Entries taken from a collection
*** Block opens ***

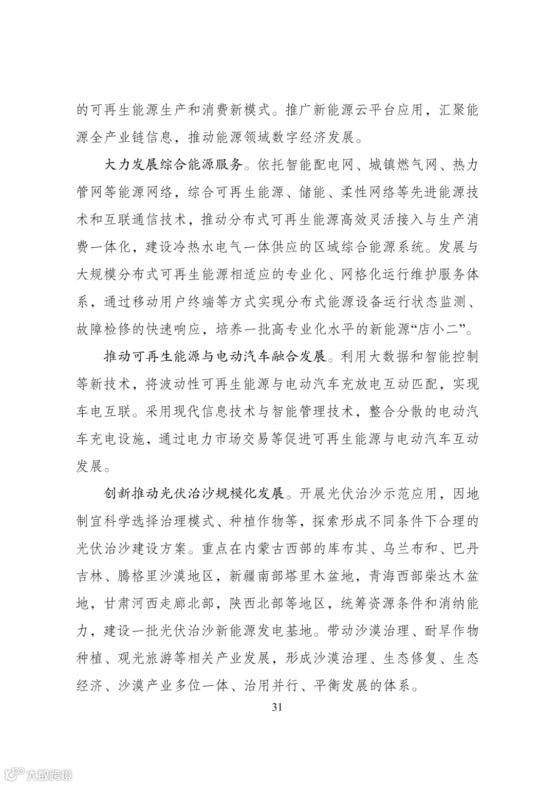 统筹推进陆上风电和光伏发电基地建设。发挥区域市场优势,主要依托省级和区域电网消纳能力提升,创新开发利用方式,推进松辽、冀北、黄河下游等以就地消纳为主的大型风电和光伏发电基地建设。利用省内省外两个市场,依托既有和新增跨省跨区输电通道、火电“点对网”外送通道,推动光伏治沙、
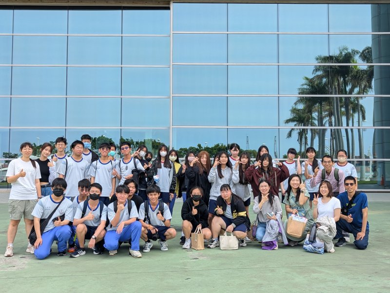 活動以沉浸式學習為主軸,上午在高雄展覽館展開國際接待情境體驗,學生跟隨導覽動線,以英文進行場館介紹與互動交流,在開闊的展場空間中感受會展產業的專業氛圍。從語言表達到臨場應對,每一步都貼近實務需求,也讓學生在真實環境中建立自信與成就感。
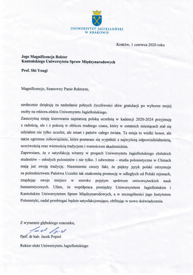 诚挚祝贺,并表示他将继续发扬雅大深厚的学术传统与价值,肩负起管理大学的光荣使命。雅大校长在信中赞扬广外在中国推广与发展波兰语学术研究所做出的努力,肯定了两校多年合作成果,热情欢迎广外学生前往雅盖隆大学进行学习与交流。
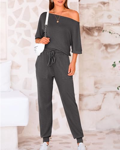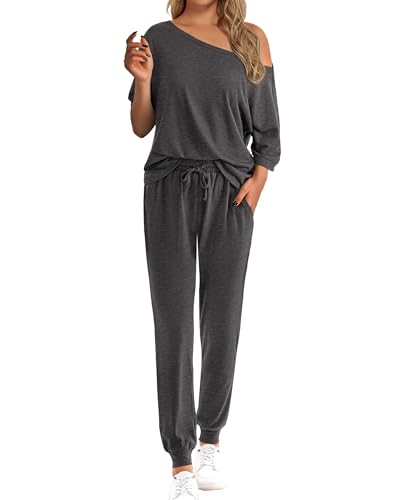 Zenlonr Women Summer 2 Piece Outfits 2024 Off Shoulder Short Sleeve Tops Elastic Waist Drawstring Long Pants Tracksuit
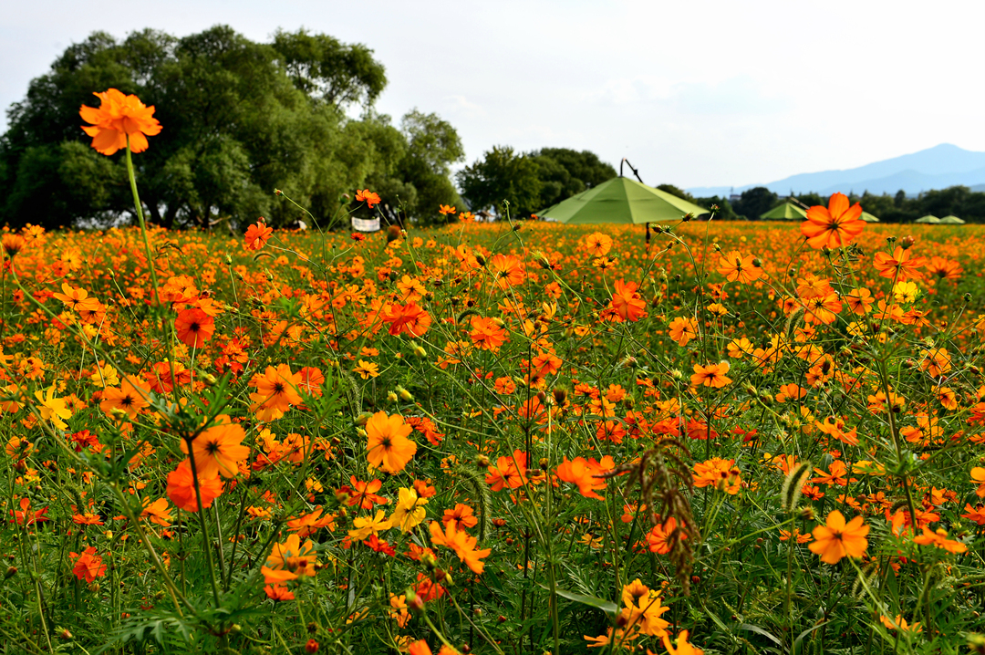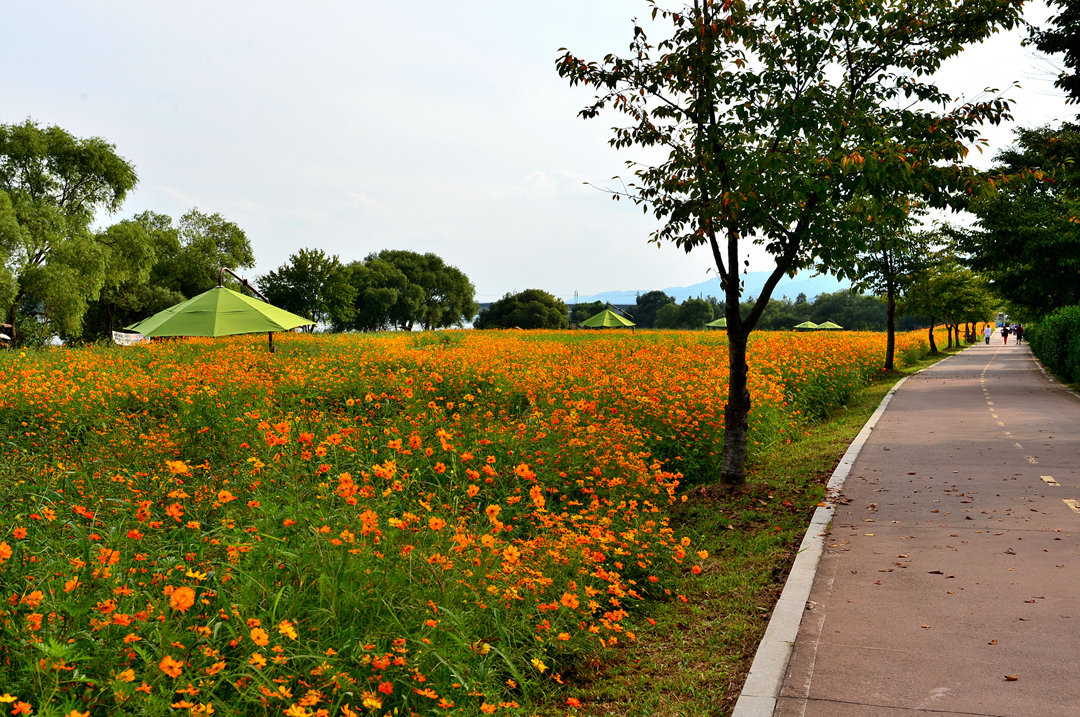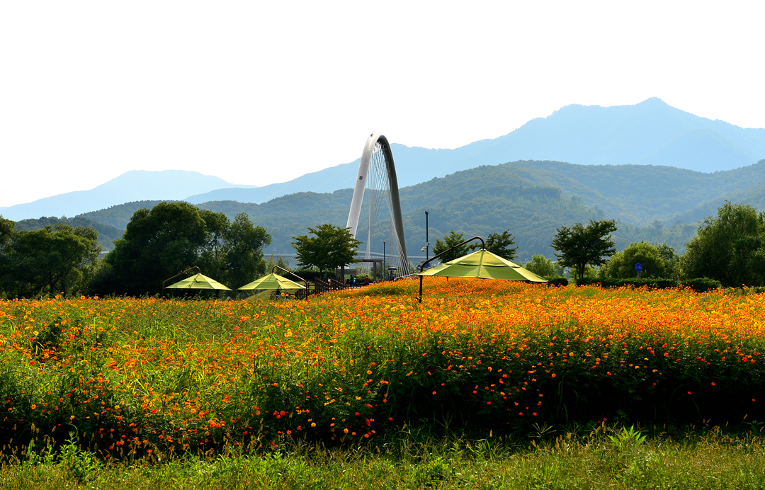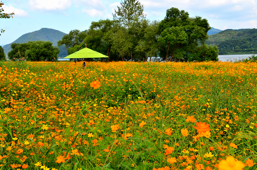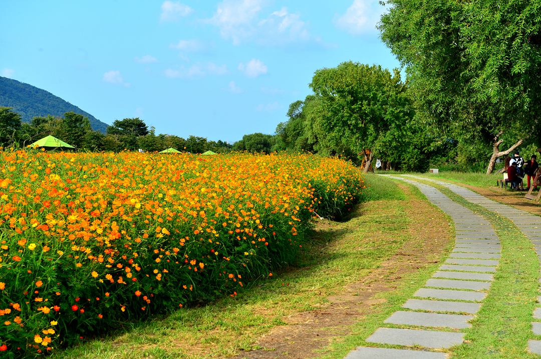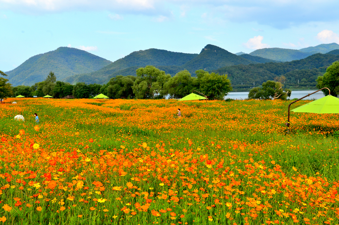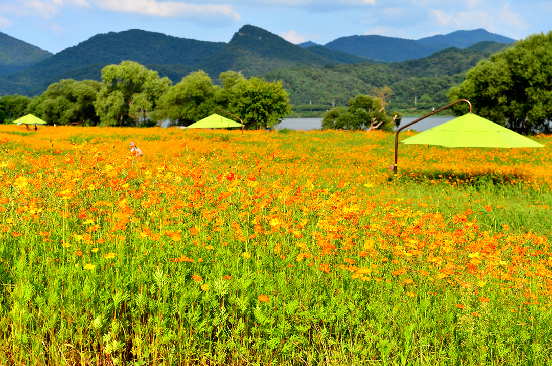 물의 정원을 가득 메운 황화코스모스 물결이다.
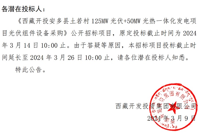 一體化發(fā)電項(xiàng)目光伏組件設(shè)備采購(gòu)》投標(biāo)截止時(shí)間的公告
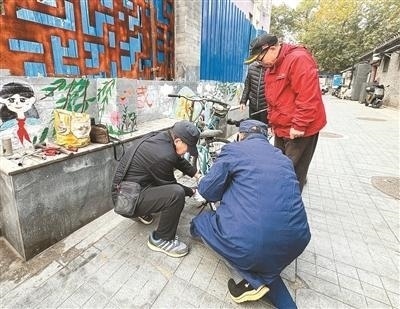 “幫把手公益服務(wù)隊(duì)”的于師傅(左二)為居民修理自行車。本報(bào)記者 霍旻含攝
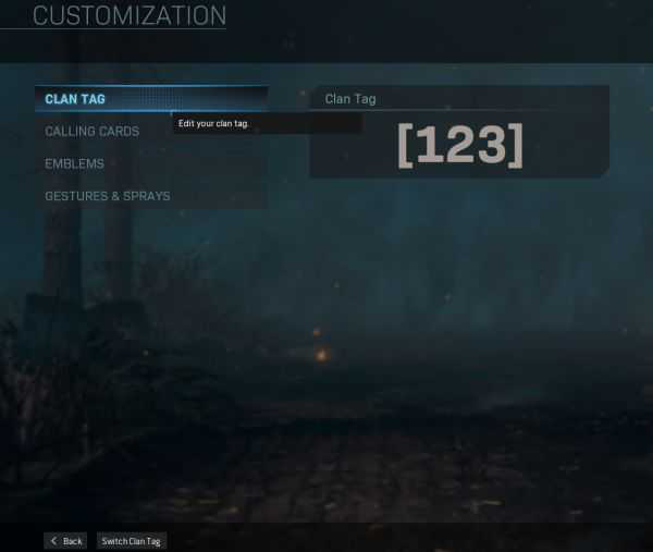 最后一步,去设置战队标签,对准“战队标签(Clan Tag)”按“R”键。
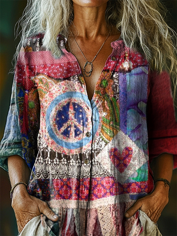 Women's Vintage Ethnic Patchwork Hippie Love Tattoo Pattern Art Print Linen Cotton Casual Shirt
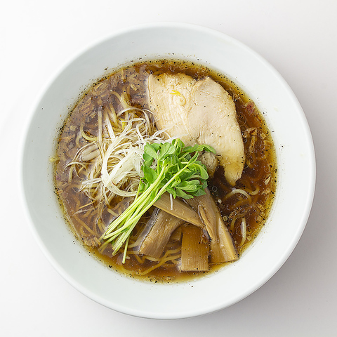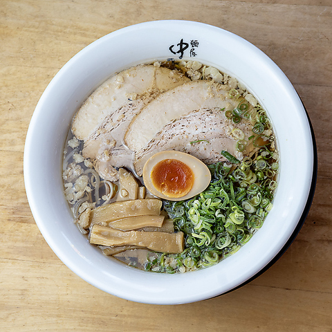 香味野菜と鶏ガラにあごダシを加えた濃厚スープ。しっとり鶏チャーシューと共に。
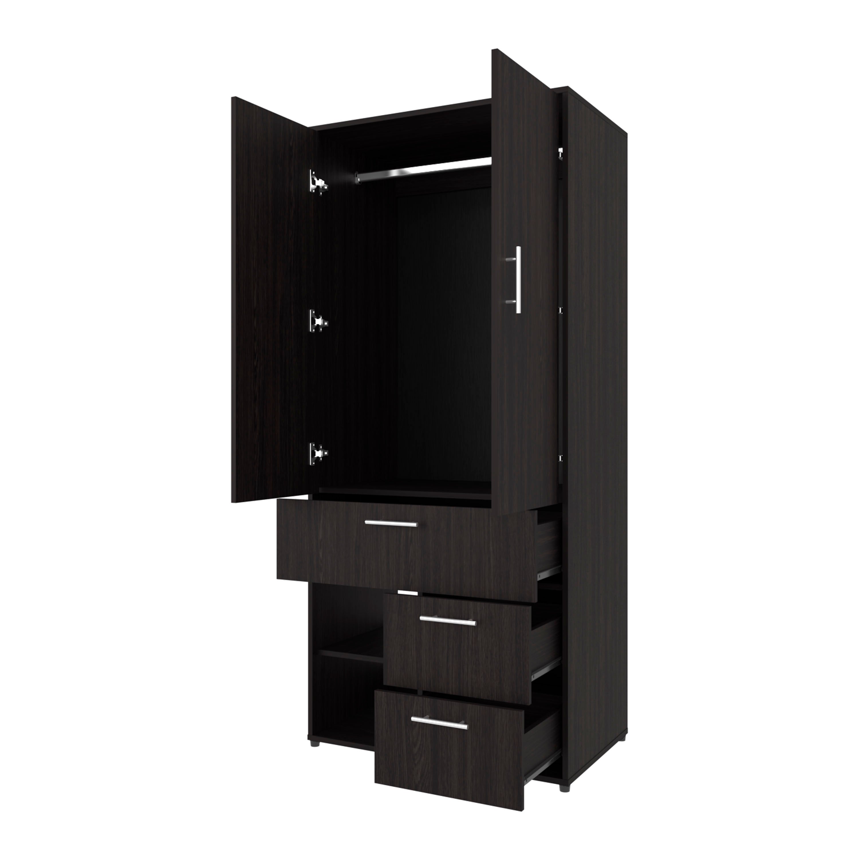 - Storage layout: Upper double-door cabinet with a sturdy hanging rod for shirts, jackets, and dresses; three smooth-glide drawers for folded items, accessories, or linens; open side shelves for shoes, baskets, or decorative pieces.
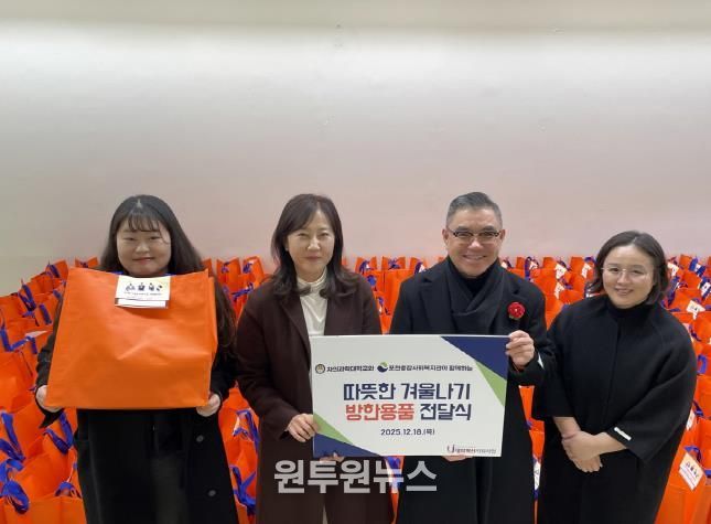 (원투원뉴스) 포천시종합사회복지관과 차의과학대학교는 지난 18일 차의과학대학교 사회봉사센터에서 따뜻한 겨울나기를 위한 ‘2025년 사랑의 방한용품 나눔’ 전달식을 진행했다.

*** Block closes ***

* [PROBLEM]
Keeping every word as it is, write out all the data and omit the pictures.

* [OUTPUT FOR THIS TASK]
 统筹推进陆上风电和光伏发电基地建设。发挥区域市场优势,主要依托省级和区域电网消纳能力提升,创新开发利用方式,推进松辽、冀北、黄河下游等以就地消纳为主的大型风电和光伏发电基地建设。利用省内省外两个市场,依托既有和新增跨省跨区输电通道、火电“点对网”外送通道,推动光伏治沙、
 活動以沉浸式學習為主軸,上午在高雄展覽館展開國際接待情境體驗,學生跟隨導覽動線,以英文進行場館介紹與互動交流,在開闊的展場空間中感受會展產業的專業氛圍。從語言表達到臨場應對,每一步都貼近實務需求,也讓學生在真實環境中建立自信與成就感。
 诚挚祝贺,并表示他将继续发扬雅大深厚的学术传统与价值,肩负起管理大学的光荣使命。雅大校长在信中赞扬广外在中国推广与发展波兰语学术研究所做出的努力,肯定了两校多年合作成果,热情欢迎广外学生前往雅盖隆大学进行学习与交流。
 Zenlonr Women Summer 2 Piece Outfits 2024 Off Shoulder Short Sleeve Tops Elastic Waist Drawstring Long Pants Tracksuit
 물의 정원을 가득 메운 황화코스모스 물결이다.
 一體化發(fā)電項(xiàng)目光伏組件設(shè)備采購(gòu)》投標(biāo)截止時(shí)間的公告
 “幫把手公益服務(wù)隊(duì)”的于師傅(左二)為居民修理自行車。本報(bào)記者 霍旻含攝
 最后一步,去设置战队标签,对准“战队标签(Clan Tag)”按“R”键。
 Women's Vintage Ethnic Patchwork Hippie Love Tattoo Pattern Art Print Linen Cotton Casual Shirt
 香味野菜と鶏ガラにあごダシを加えた濃厚スープ。しっとり鶏チャーシューと共に。
 - Storage layout: Upper double-door cabinet with a sturdy hanging rod for shirts, jackets, and dresses; three smooth-glide drawers for folded items, accessories, or linens; open side shelves for shoes, baskets, or decorative pieces.
 (원투원뉴스) 포천시종합사회복지관과 차의과학대학교는 지난 18일 차의과학대학교 사회봉사센터에서 따뜻한 겨울나기를 위한 ‘2025년 사랑의 방한용품 나눔’ 전달식을 진행했다.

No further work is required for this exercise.